La prise de conscience que les araignées de mer géantes ont des trous ressemblant à du fromage suisse dans leurs exosquelettes a mis en lumière un mystère vieux de plusieurs décennies sur la façon dont les créatures sous-marines vivant dans les océans polaires et les abîmes profonds sont devenus si énormément énormes.
Les chercheurs ont découvert que les pores recouvrent les pattes des araignées de mer géantes et que, à mesure que ces araignées se développent, leurs exosquelettes deviennent de plus en plus troués.
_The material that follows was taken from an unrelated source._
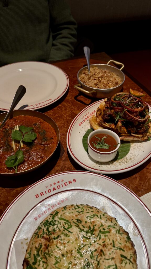 Brigadiers was exactly the kind of first-night place you want after a full day of walking. It’s warm, busy, a little loud, and feels like it’s built for sharing plates in the middle of the table. We ordered the chicken tikka masala, lamb, and basically everything you see in the photo — the kind of meal where you keep saying “okay, one more thing.”

"Les exosquelettes des très gros ressemblent presque à du fromage suisse", a déclaré dans un communiqué Caitlin Shishido, doctorante en zoologie à l'Université de Hawai'i à Mānoa.
Les scientifiques ont découvert ce phénomène troué après avoir testé une hypothèse sur la façon dont le gigantisme se développe dans les créatures marines d'eau froide. L'idée, connue sous le nom d'hypothèse de la température de l'oxygène, suggère que les animaux vivant dans des eaux extrêmement froides peuvent atteindre des tailles extraordinaires car ils ont un métabolisme lent. De plus, l'eau froide peut contenir plus d'oxygène que l'eau chaude, donc il y a beaucoup d'oxygène disponible dans les zones d'eau froide.
Pour tester cette hypothèse, les chercheurs se sont rendus à la station McMurdo en Antarctique pour étudier les araignées de mer, cousines des araignées terrestres. L'équipe savait déjà que les araignées de mer sont des «respirantes de la peau», ce qui signifie qu'elles absorbent l'oxygène par leurs jambes.
"L'idée est qu'il faut beaucoup de travail aux animaux pour capter l'oxygène et l'apporter jusqu'à leurs cellules", a déclaré Shishido. "C'est un travail beaucoup plus important pour les grands animaux que pour les petits. Si les températures froides nécessitent moins d'oxygène, vous pouvez atteindre une taille plus grande."
De plus, Shishido et ses collègues se sont demandé si le réchauffement des températures dans les régions polaires nuirait à ces animaux géants, qui sont adaptés pour vivre dans les eaux froides. Pour en savoir plus, les chercheurs ont pris des espèces de deux genres d'araignées de mer - Colossendeis et Ammothea - et les mettre dans le camp d'entraînement des araignées marines, les faisant faire de l'exercice comme des bodybuilders fanatiques.
Les exercices étaient assez simples; les chercheurs ont renversé les araignées à l'envers et ont compté le nombre de fois où les créatures ont pu se redresser à différentes températures, allant des 28,7 degrés Fahrenheit habituels des araignées (moins 1,8 degrés Celsius) à 48,2 F (9 C).
Étonnamment, les araignées de mer géantes ont suivi le rythme des petits animaux des deux genres à toutes les températures.
"Nous avons été étonnés que non seulement les animaux géants puissent survivre à des températures beaucoup plus élevées qu'ils ne le voient habituellement, mais ils ont affronté des températures chaudes tout comme les plus petites", a déclaré Shishido. "Ce n'est pas censé se produire; les grands animaux devraient épuiser leur approvisionnement en oxygène et manquer de gaz beaucoup plus tôt que les petits."
Les scientifiques ont été mystifiés jusqu'à ce qu'ils utilisent des microscopes pour mieux voir les pattes des araignées de mer. C'est alors qu'ils ont réalisé que plus les araignées de mer grandissaient, plus leurs exosquelettes devenaient poreux, ce qui permettait aux araignées d'absorber de plus grandes quantités d'oxygène.
Cependant, on ne sait pas comment ces géants à huit pattes se comporteraient dans des eaux chaudes en permanence, car cette expérience n'a exposé les araignées de mer qu'à une chaleur à court terme. Cela dit, ces géants ne sont peut-être pas aussi vulnérables au réchauffement des océans qu'on le pensait, ont noté les chercheurs.